De même que les histoires des images d'Épinal n'ont plus suffi à mon imagination, de même l'amour de la belle Yvonne ne suffit plus à mon cœur.

Je suis à présent tourmenté d'un mal inconnu qui s'accroît surtout par les chaudes soirées d'été.

Les voix fraîches des filles tournant dans les rondes, la romance chantée au carrefour à l'heure vague du crépuscule, les plaintes d'un violon, au loin, dans la nuit, les lourds effluves de l'air, tout cela m'agite d'un trouble inexprimable.

Des larmes plein les yeux, frémissant, je m'enfuis dans des coins et, comme René, tends les bras à des fantômes.

Un immense besoin d’aimer bouillonne dans mon cœur de onze ans : il me faut une amoureuse !

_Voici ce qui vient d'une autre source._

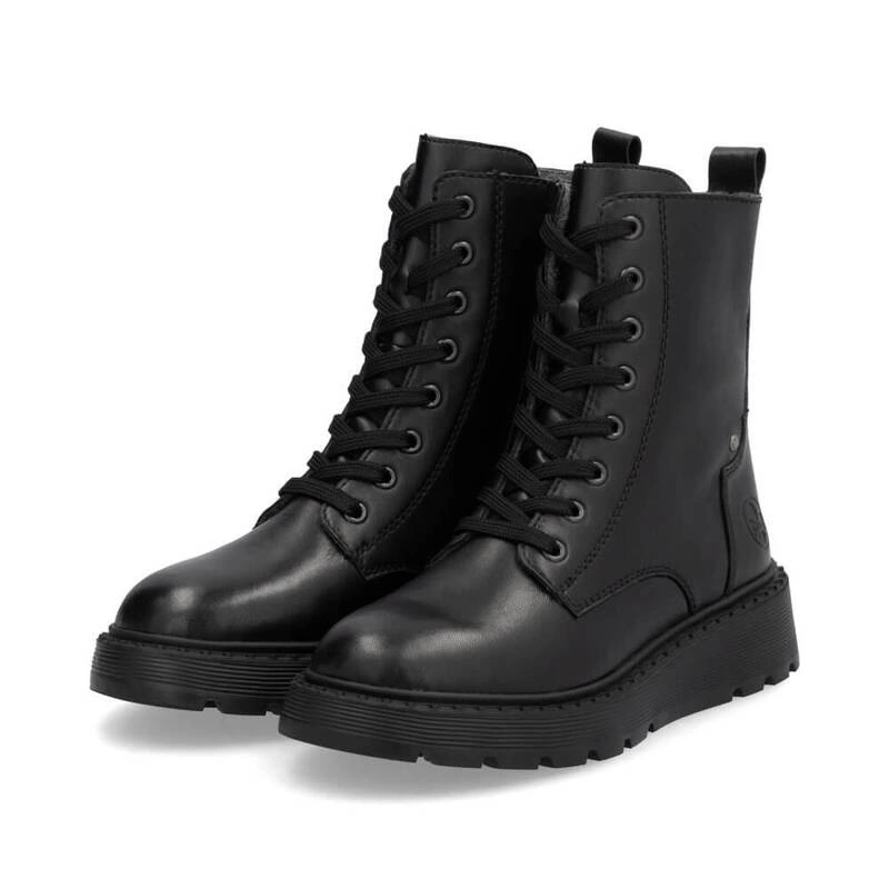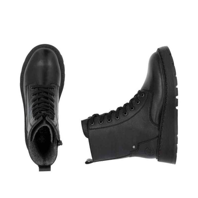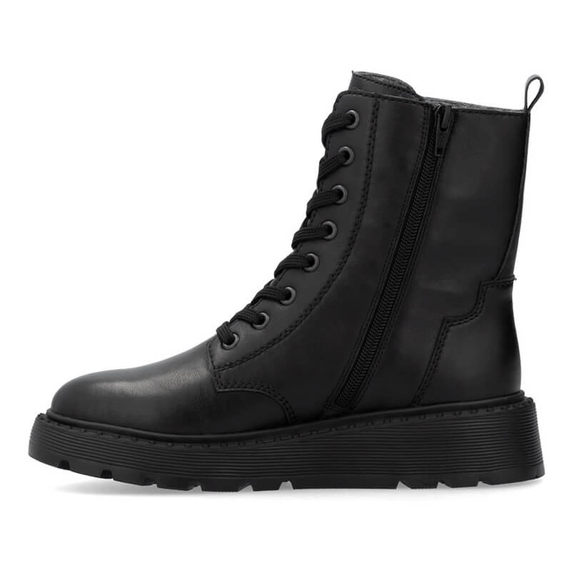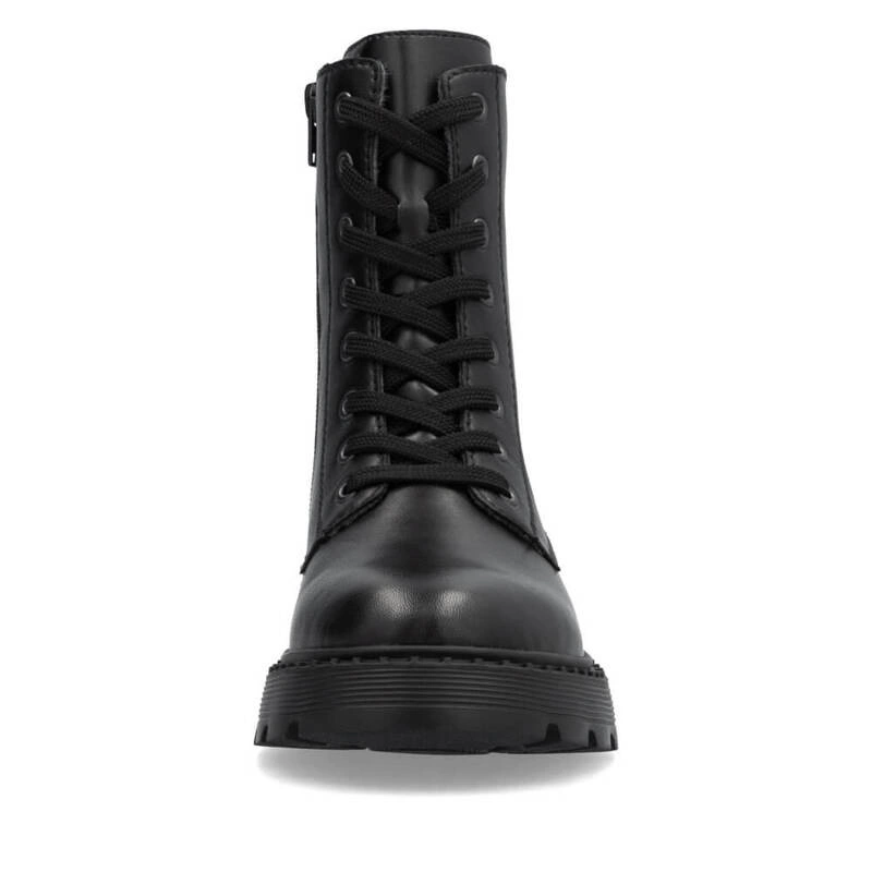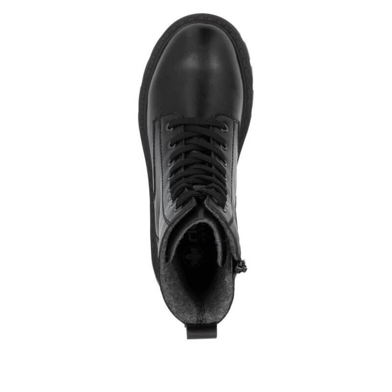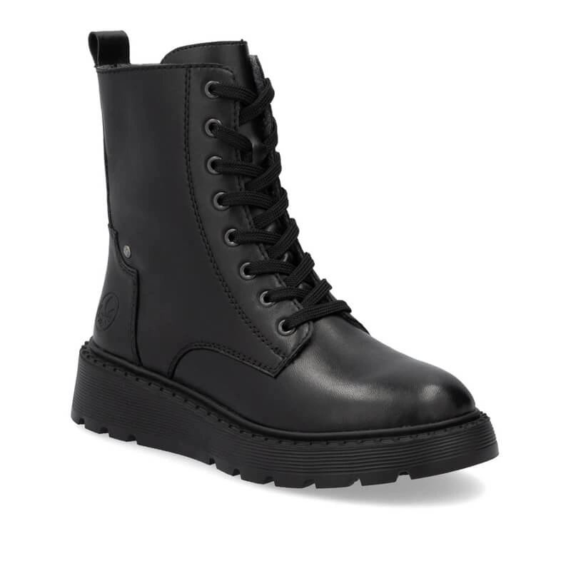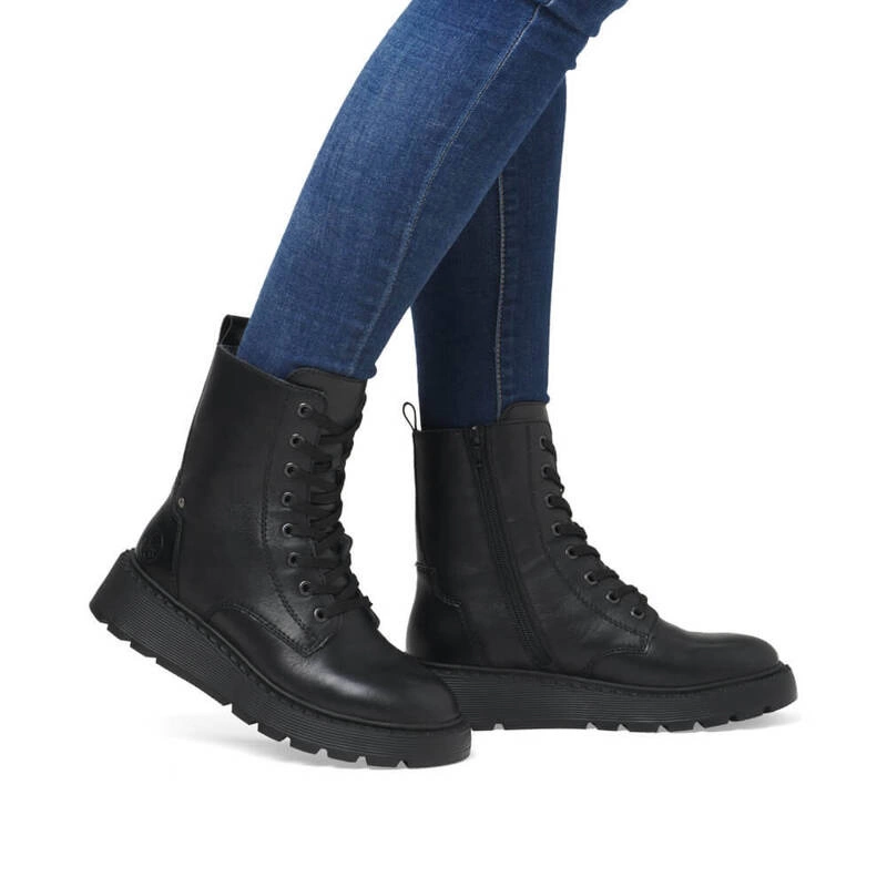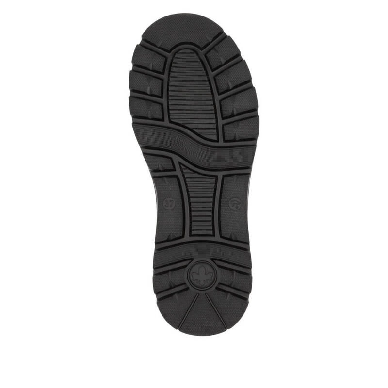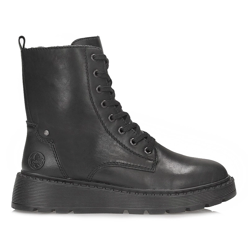 Znana i lubiana marka Rieker przedstawia botka w odcieniu czerni. Cholewka powyższego modelu została wykonana ze skóry ekologicznej w połączeniu z naturalną. Obuwie wyposażone w tradycyjne sznurowanie na 8 dziurek, co pozwala na swobodne dopasowanie obuwia do różnej tęgości stopy. Dodatkowym atutem botka jest zamek umieszczony po wewnętrznej stronie, który ułatwi zakładanie oraz ściąganie obuwia. Wnętrzne zostało wyściełane z miłego w dotyku filcu, który zapewni ciepło podczas chłodnych dni. Trwała, grubsza podeszwa wykonana z wysokogatunkowego tworzywa sztucznego. Fason dzięki swojemu klasycznemu kolorowi dopasujemy do wielu stylizacji.

Je voudrais bien Marguerite, la fille du rétameur, mais elle est vénale : elle me dédaigne parce que je suis pauvre et me préfère Schultz qui lui fait toujours des cadeaux. Il est cependant laid, répugnant même, avec sa grosse face boursouflée couleur colle de pâte, ses yeux chassieux, ses lèvres épaisses et crevassées ; et moi, je suis beau… je le sais !... car il y a longtemps que je me suis expliqué l’attitude et les paroles de la petite chiffonnière de la cité.

Le cœur ulcéré, je ne parle plus à Marguerite ni à Schultz.

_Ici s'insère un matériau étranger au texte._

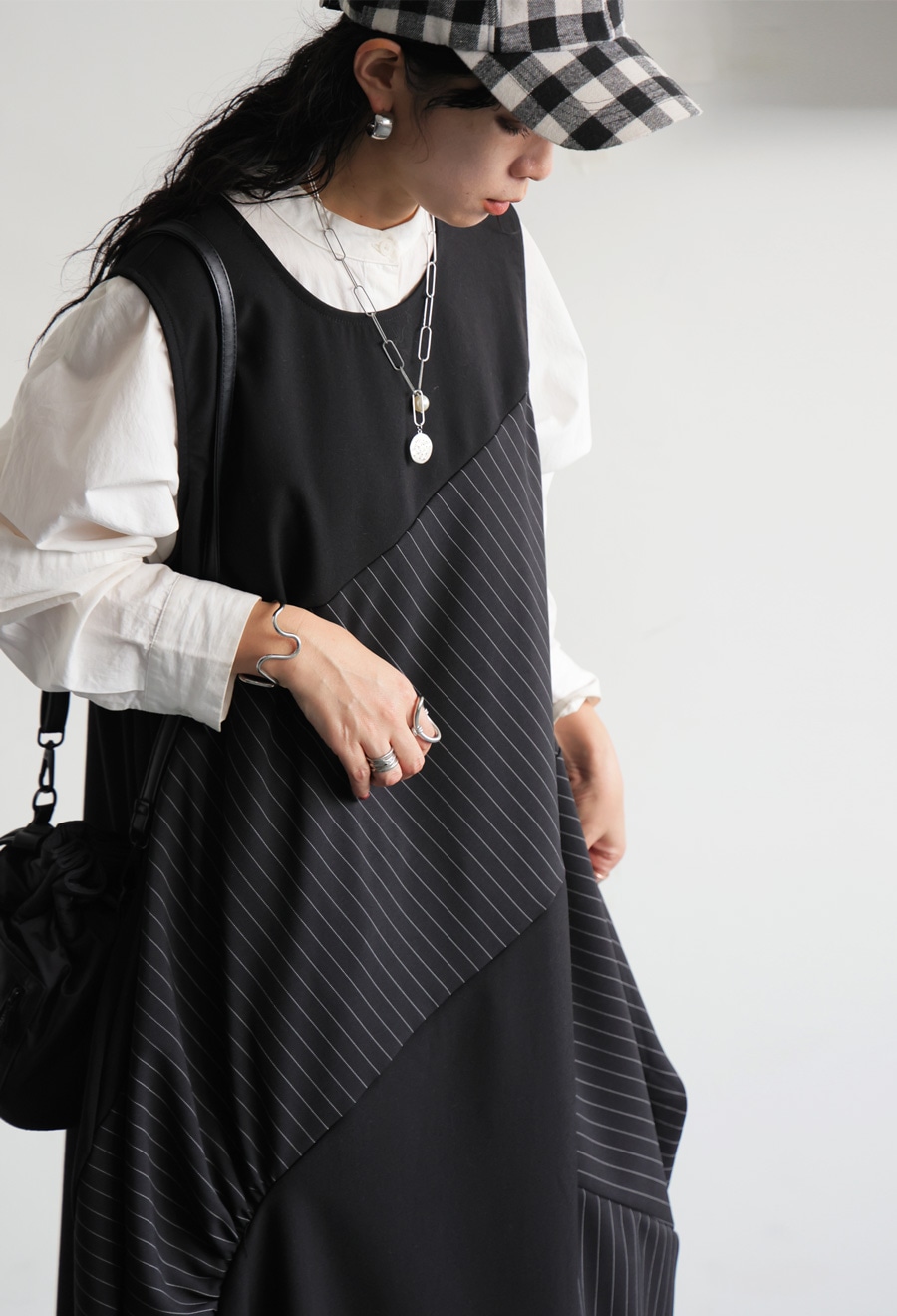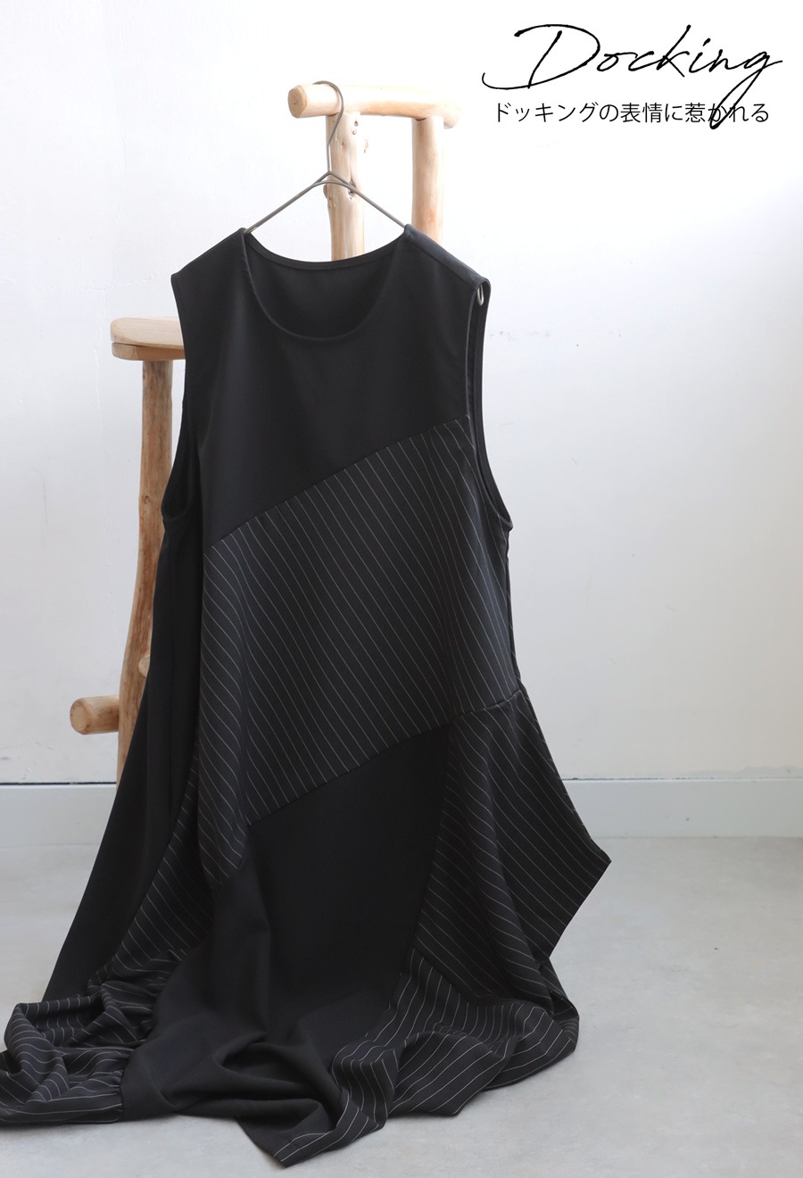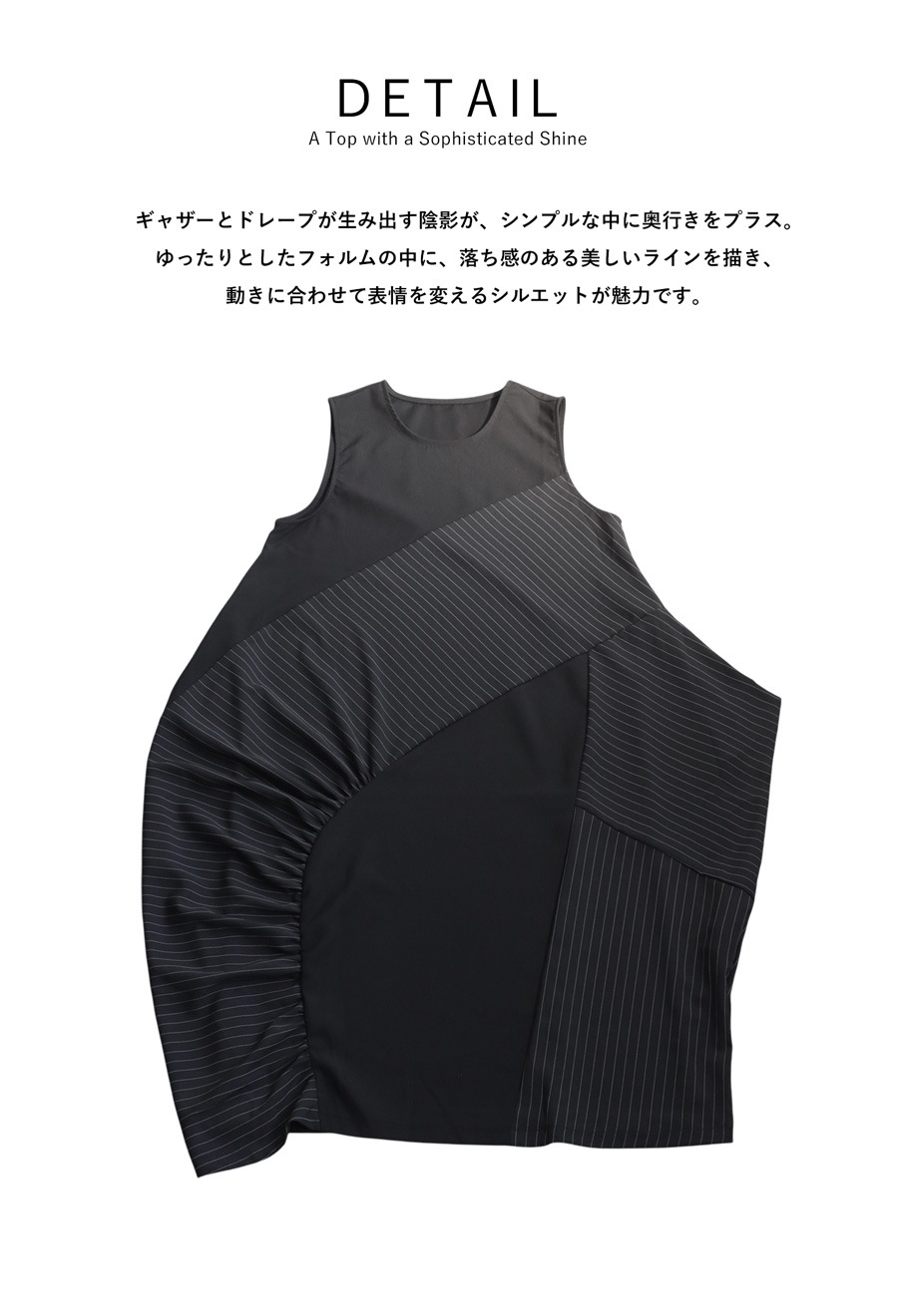 片側に寄せたギャザーがアクセントとなり、柄の異なるピンストライプと無地の切替で動きのある表情を演出。

— Pauvre petit camarade !... comme je ne t'aurais pas tenu rancune si j'avais pu savoir qu’un peu plus tard, un jeudi, tu serais écrabouillé, sur le quai de Bercy par un muid de vin dévalant d’un haquet.

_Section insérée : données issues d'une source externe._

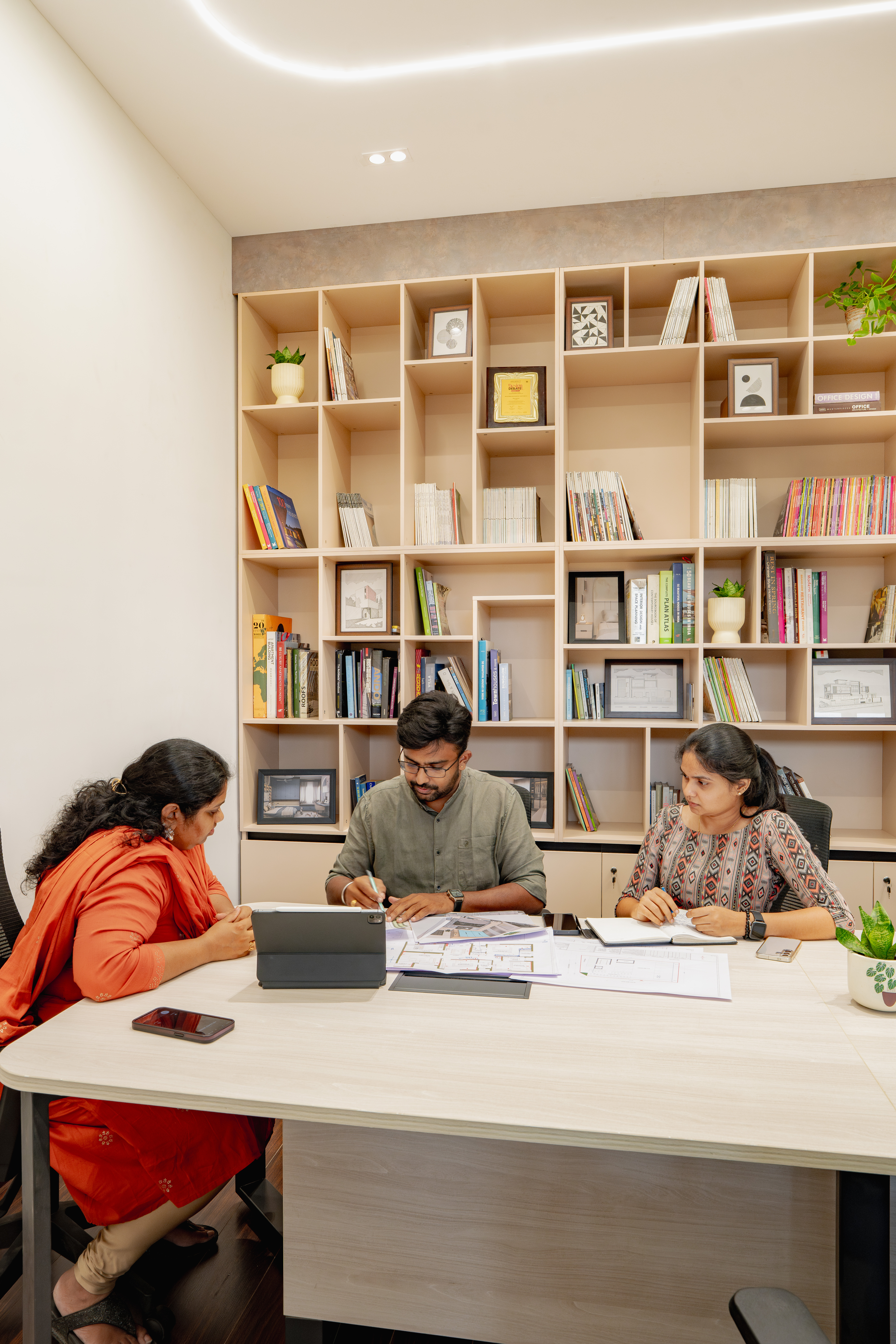 The Vesta Architects office is a 3,000 sq.ft contemporary workspace thoughtfully planned to reflect the studio’s design philosophy and work culture. The layout accommodates a welcoming reception area, open-plan workstations, meeting and discussion zones, material display areas, and support spaces. Each zone is carefully organized to ensure smooth workflow, visual connectivity, and efficient day-to-day functioning, while maintaining a calm and professional atmosphere.

Je me rejette sur Marthe, la fille du marchand de vin.

C'est une petite brunette de dix ans. Elle n'est pas jolie, elle a une grande bouche, un teint chlorotique, les dents mauvaises, mais j’aime son air doux et ses yeux songeurs.

Sans être vu du concierge — une brute, qui nous sort de la cour à coups de fouet, quand nos criailleries l'importunent —  je l’emmène à la brune, dans les coins et la dévore de baisers. En elle j’étreins toutes mes amours inaccessibles depuis la belle Yvonne jet mes fantômes indécis, jusqu’ à la blonde Marguerite.

Elle se laisse faire, la mine grave et le regard lointain et me rend docilement mes baisers quand je lui demande.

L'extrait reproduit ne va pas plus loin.